§ Source records
=== Section Start ===
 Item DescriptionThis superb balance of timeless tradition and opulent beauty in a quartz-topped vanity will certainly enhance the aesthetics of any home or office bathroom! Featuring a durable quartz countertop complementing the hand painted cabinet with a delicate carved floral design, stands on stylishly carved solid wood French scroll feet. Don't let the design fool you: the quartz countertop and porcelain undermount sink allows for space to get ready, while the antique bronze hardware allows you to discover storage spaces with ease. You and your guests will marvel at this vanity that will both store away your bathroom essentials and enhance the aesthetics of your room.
=== Section End ===
=== Section Start ===
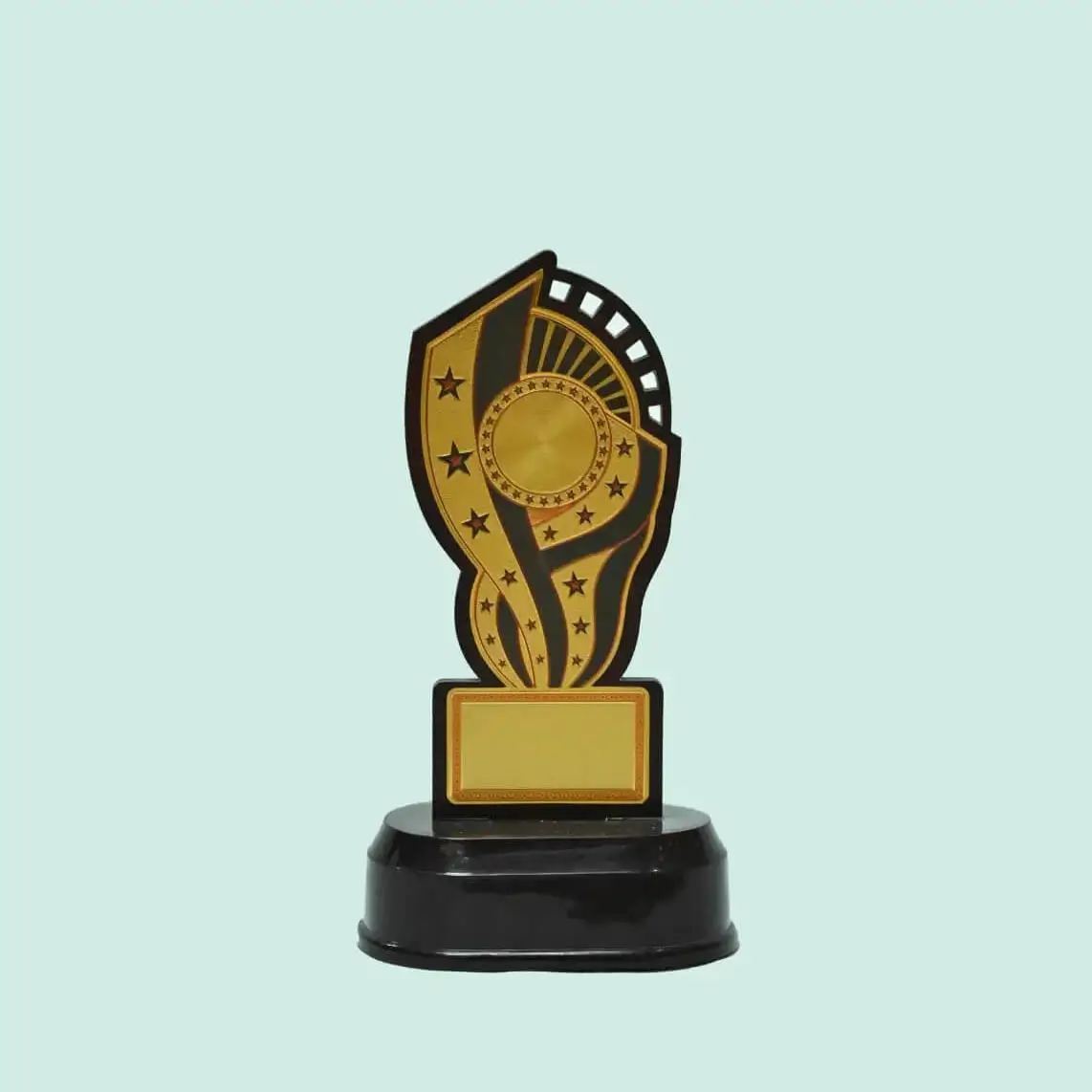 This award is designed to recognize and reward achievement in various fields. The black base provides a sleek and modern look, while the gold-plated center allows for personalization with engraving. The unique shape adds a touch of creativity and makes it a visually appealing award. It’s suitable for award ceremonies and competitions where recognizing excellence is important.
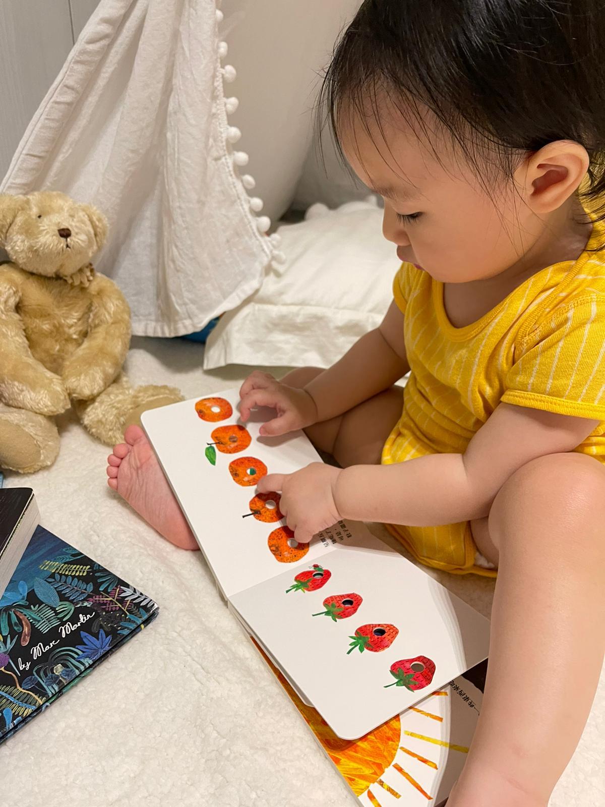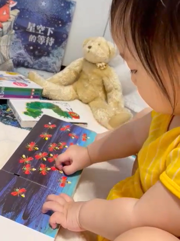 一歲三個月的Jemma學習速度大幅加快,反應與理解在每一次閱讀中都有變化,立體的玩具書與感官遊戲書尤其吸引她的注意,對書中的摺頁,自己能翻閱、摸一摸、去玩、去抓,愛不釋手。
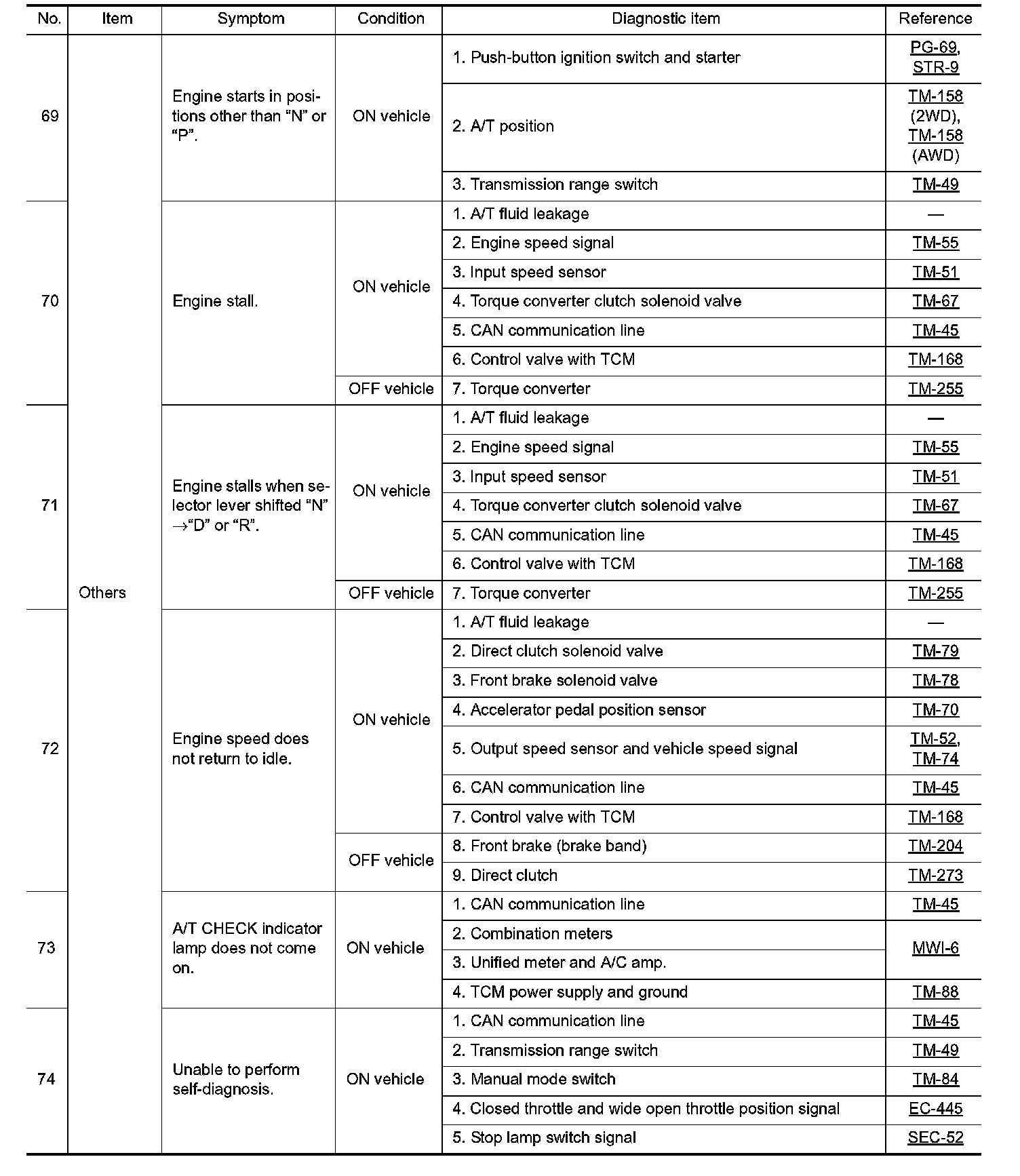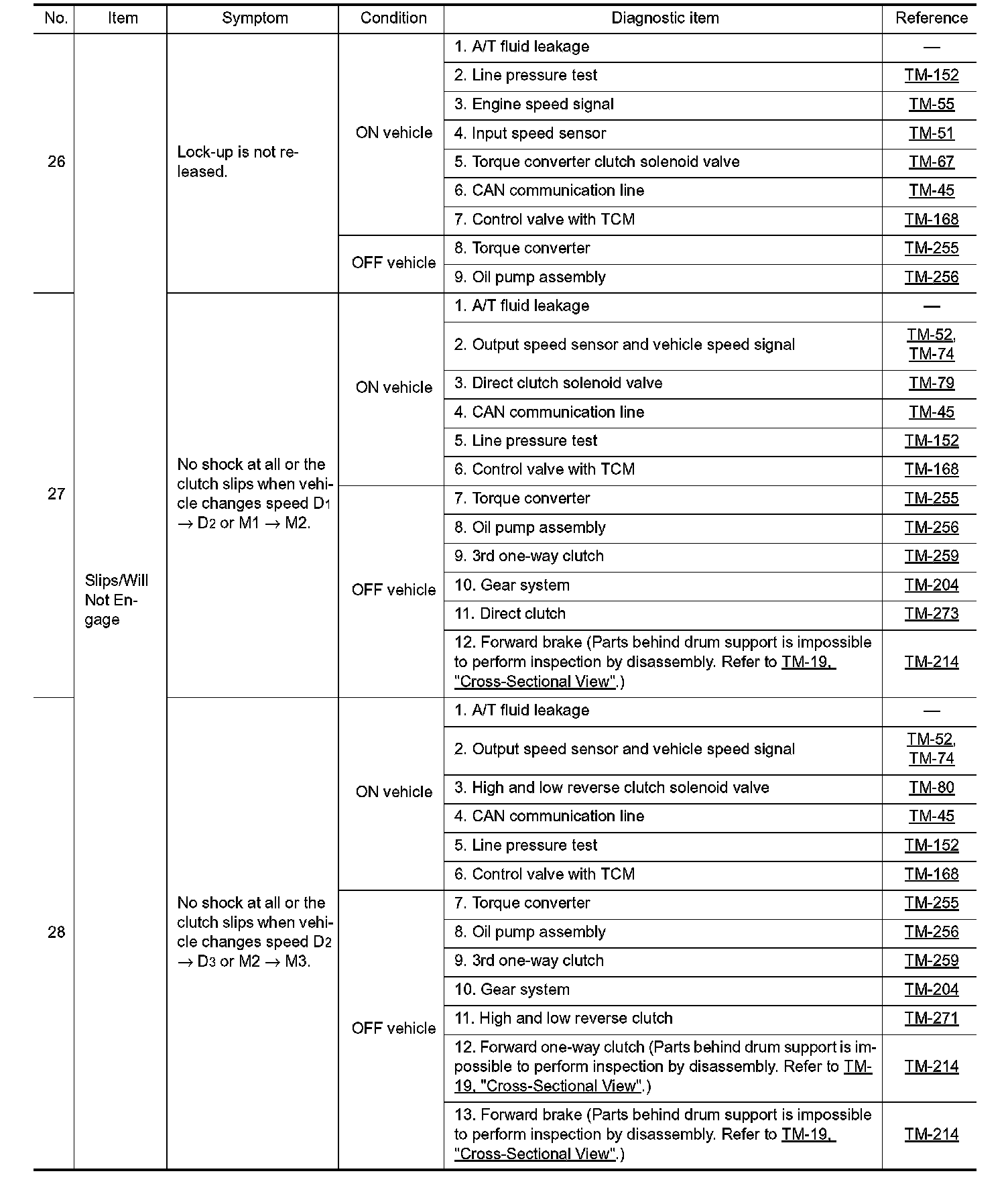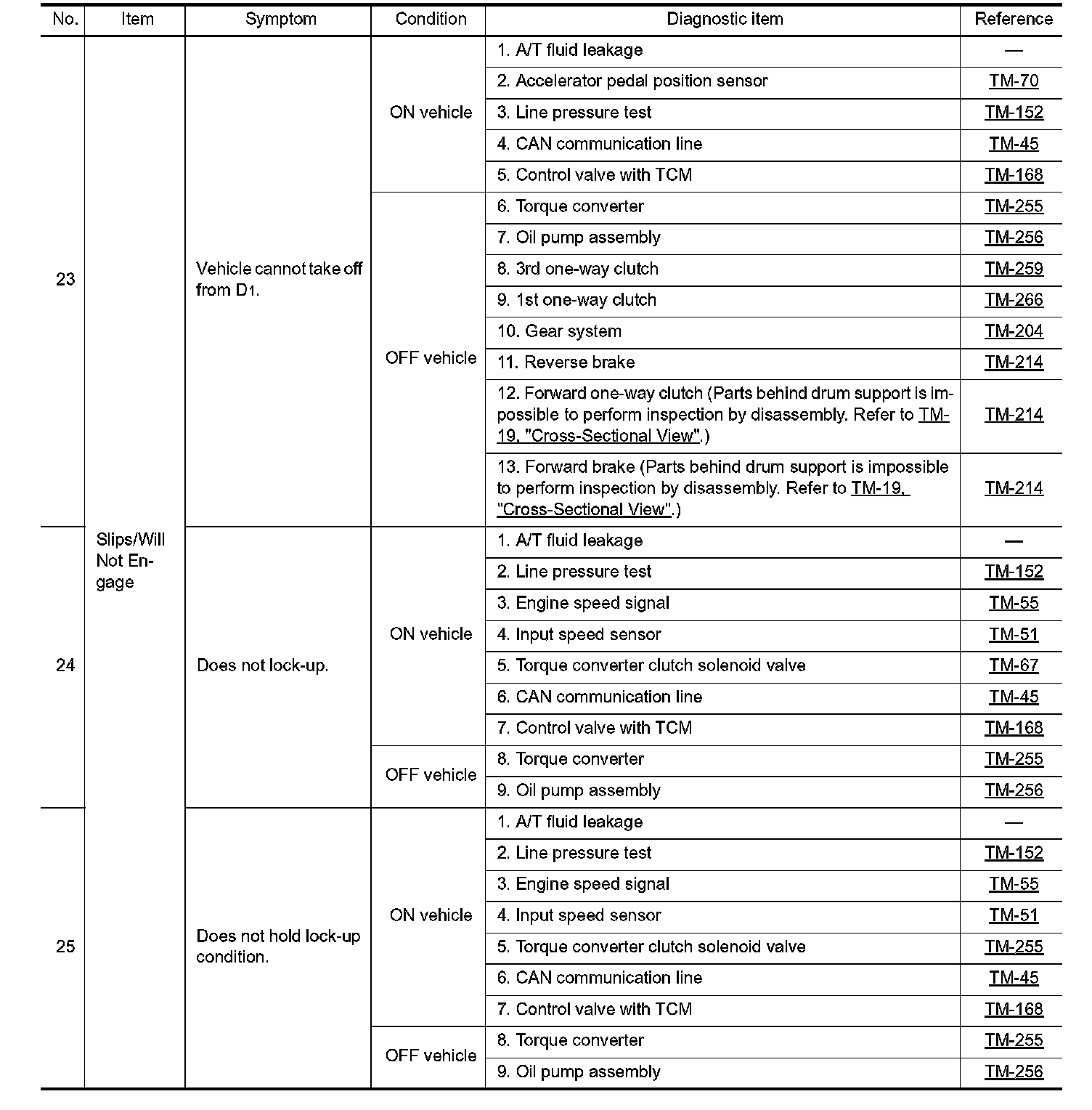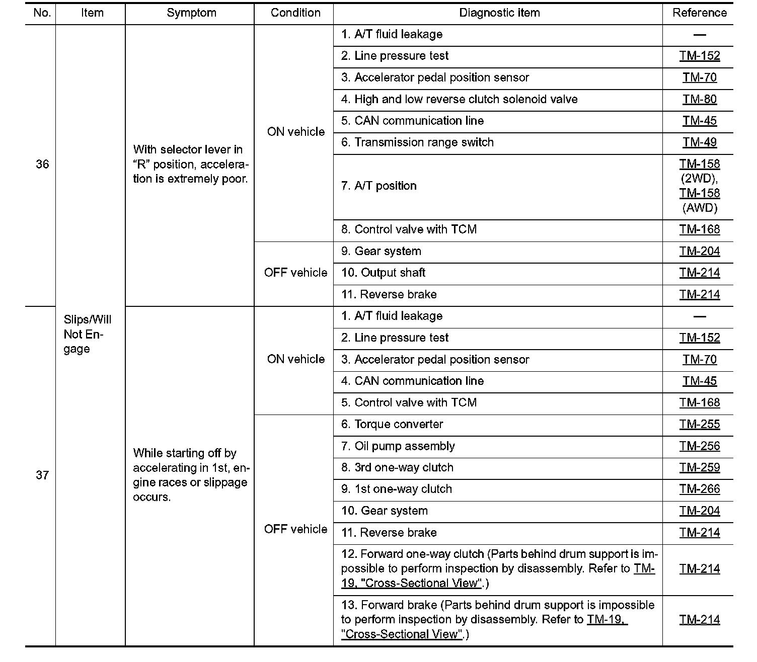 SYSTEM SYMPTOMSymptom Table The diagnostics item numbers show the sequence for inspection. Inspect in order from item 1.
=== Section End ===
§ Problem
When you reach the line with "一歲三個月的Jemma學習速" in the records above, begin repeating the lines exactly, and stop after the line with "SYSTEM SYMPTOMSymptom Table". Skip all pictures.

§ Response for this exercise
 一歲三個月的Jemma學習速度大幅加快,反應與理解在每一次閱讀中都有變化,立體的玩具書與感官遊戲書尤其吸引她的注意,對書中的摺頁,自己能翻閱、摸一摸、去玩、去抓,愛不釋手。
 SYSTEM SYMPTOMSymptom Table The diagnostics item numbers show the sequence for inspection. Inspect in order from item 1.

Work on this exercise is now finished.